As you can see by inspection, the splitting field of $x^3 - 2$ is $\mathbb Q(\zeta,\alpha)$ where $\zeta$ is a primitive $3$rd root of unity and $\alpha$ a $3$rd root of $2$.

The primitive element theorem tells us that this extension has a primitive element of the form $\alpha + c\zeta$ for a rational $c$ which is not of the form $$c = \frac{\alpha' - \alpha}{\zeta' - \zeta}$$ for $\alpha',\zeta'$ conjugates of $\alpha,\zeta$ respectively.

In your case, you want $\alpha+\zeta$ to generate the extension, which corresponds to $c=1$, so we just need to show that $1$ is not of the above form.

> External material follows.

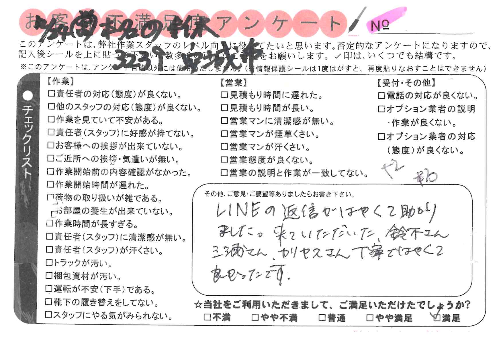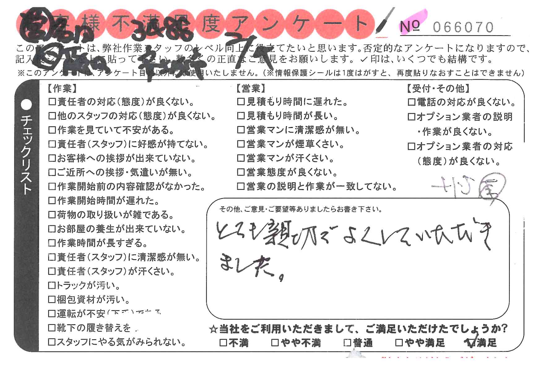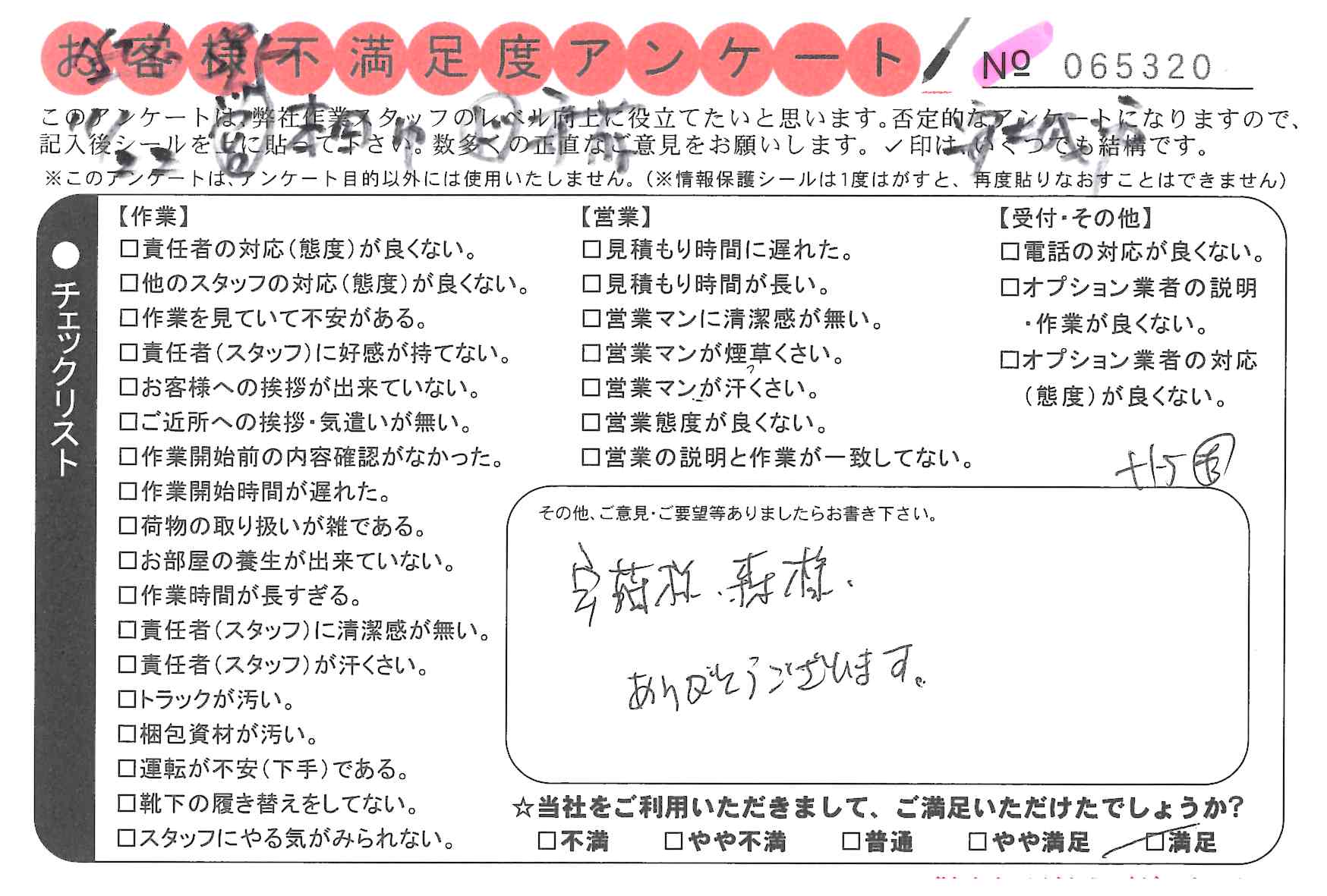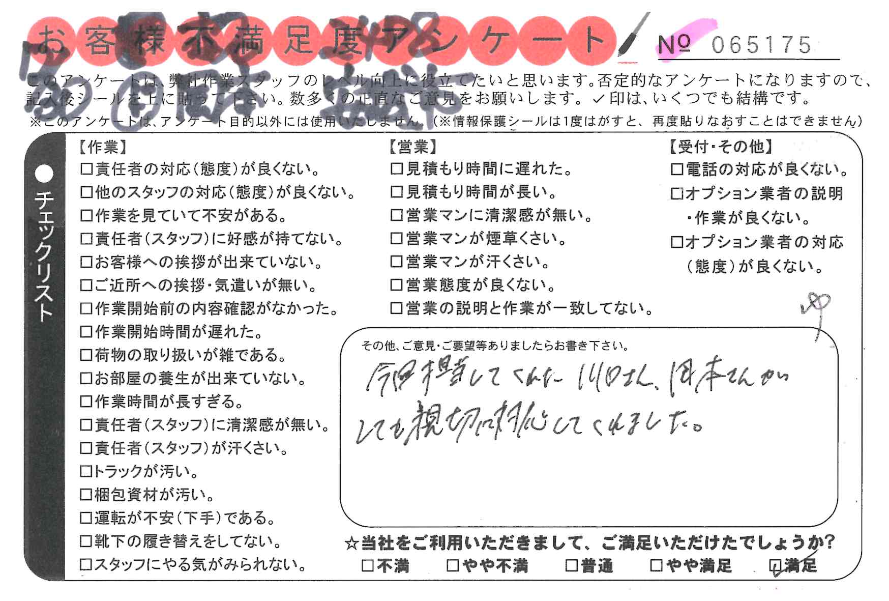 引越一番でお引越しをしていただいたお客様のうち、コメントいただいたアンケートを全て掲載しています。

But that is easy. The conjugates of $\zeta$ are $\zeta$ and $\zeta^2$, and clearly the former can't arise, so the denominator must be $\zeta^2 - \zeta$. Meanwhile, the conjugates of $\alpha$ are of the form $\zeta^i\alpha$ for $0\leq i \leq 2$, but of course $i=0$ does not occur if we're looking for $c=1$. So the only possibilities of concern are $$\frac{\zeta\alpha - \alpha}{\zeta^2 - \zeta} = \frac{\zeta - 1}{\zeta - 1} \frac \alpha \zeta = \frac \alpha \zeta $$ $$\frac{\zeta^2\alpha - \alpha}{\zeta^2 - \zeta} = \frac{\zeta^2 - 1}{\zeta - 1} \frac \alpha \zeta = (\zeta + 1) \frac \alpha \zeta$$

But obviously neither of those equals $1$. The first has absolute value $\sqrt 2$, and the second also has absolute value $\sqrt 2$ $$|\zeta + 1||\alpha|/|\zeta| = (\zeta + 1)(\bar\zeta+1) \sqrt 2 = (2 -1 ) \sqrt 2 = \sqrt 2$$

So in fact $c=1$ is never a "bad value" and hence $\alpha + \zeta$ is a primitive element for that extension.

(I think I remember that there's an easier way to see that neither of these equals $1$, but I can't recall what it is at the moment, and the above works well enough)

Answer 3

Another way is to notice $h(x)$ factors as $$(x^4 + 4x^3 + 3x^2 + 3)(x^2 + x + 2)\mbox{ in }\mathbb{Z_5}[x]\tag{1}$$ and $$(x^3 + 4x^2 + 6x + 5)(x^3 + 3x^2 + 5x + 2)\mbox{ in }\mathbb{Z_7}[x]\tag{2}.$$ (the $2$-nd and $3$-th degrees factors are irreducible by testing finitely many roots in $\mathbb{Z_5}[x]$ and $\mathbb{Z_7}[x]$, similarly the $4$-th degree polynomial has no linear factor, and we don't need to care about its quadratic factors as the argument below would still go through).

Now any factorization in $\mathbb{Z}[x]$ would reduce to a factorization in $\mathbb{Z_5}[x]$ and $\mathbb{Z_7}[x]$, yet the degrees of $(1)$ and $(2)$ are compatible only with factors of degree $1$ and $6$ in $\mathbb{Z}[x]$. Hence $h(x)$ is irreducible in $\mathbb{Z}[x]$.

Answer 4

It is irreducible by Eisenstein shift, which I explain how to find below.

Note$\, \bmod\color{#c00}3\!:\ f(x) := (x^2\!+\!3)^3\!-4(x\!-\!1)^3 \equiv x^6-x^3+1 \equiv (x\!+\!1)^6 \ $ is a prime power.

So Eisenstein works on $\,g(x) = f(x\!-\!1) \equiv x^6\ $ by $\,g(0) = f(-1) = 96 \not\equiv 0\pmod{\!3^2}$

Key Idea behind the Eisenstein criteria is that polynomials satisfying the criterion are, mod $\,p,\,$ powers of a prime, viz. $\,\equiv x^n,\,$ and products of primes always factor uniquely. The same works for its shift $\,(x-c)^n,\,$ so we seek primes $\,p\,$ such that, mod $\,p,\,$ the polynomial is congruent to such a power (e.g. for motivation: cyclotomic case). The only primes $\,p\,$ that can yield such powers are those dividing the discriminant (here by Alpha = $\,-2^{24}\cdot \color{#c00}3^7\cdot 53),\,$ since if $\,f\equiv a (x-c)^n,\,\ n> 1\,$ then $\,f\,$ and $\,f'\,$ have a common root $\,x\equiv c,\,$ hence their resultant $\, R(f,f')\equiv 0.\,$ But this is, up to sign, the discriminant of $\,f\,$ (presumed monic).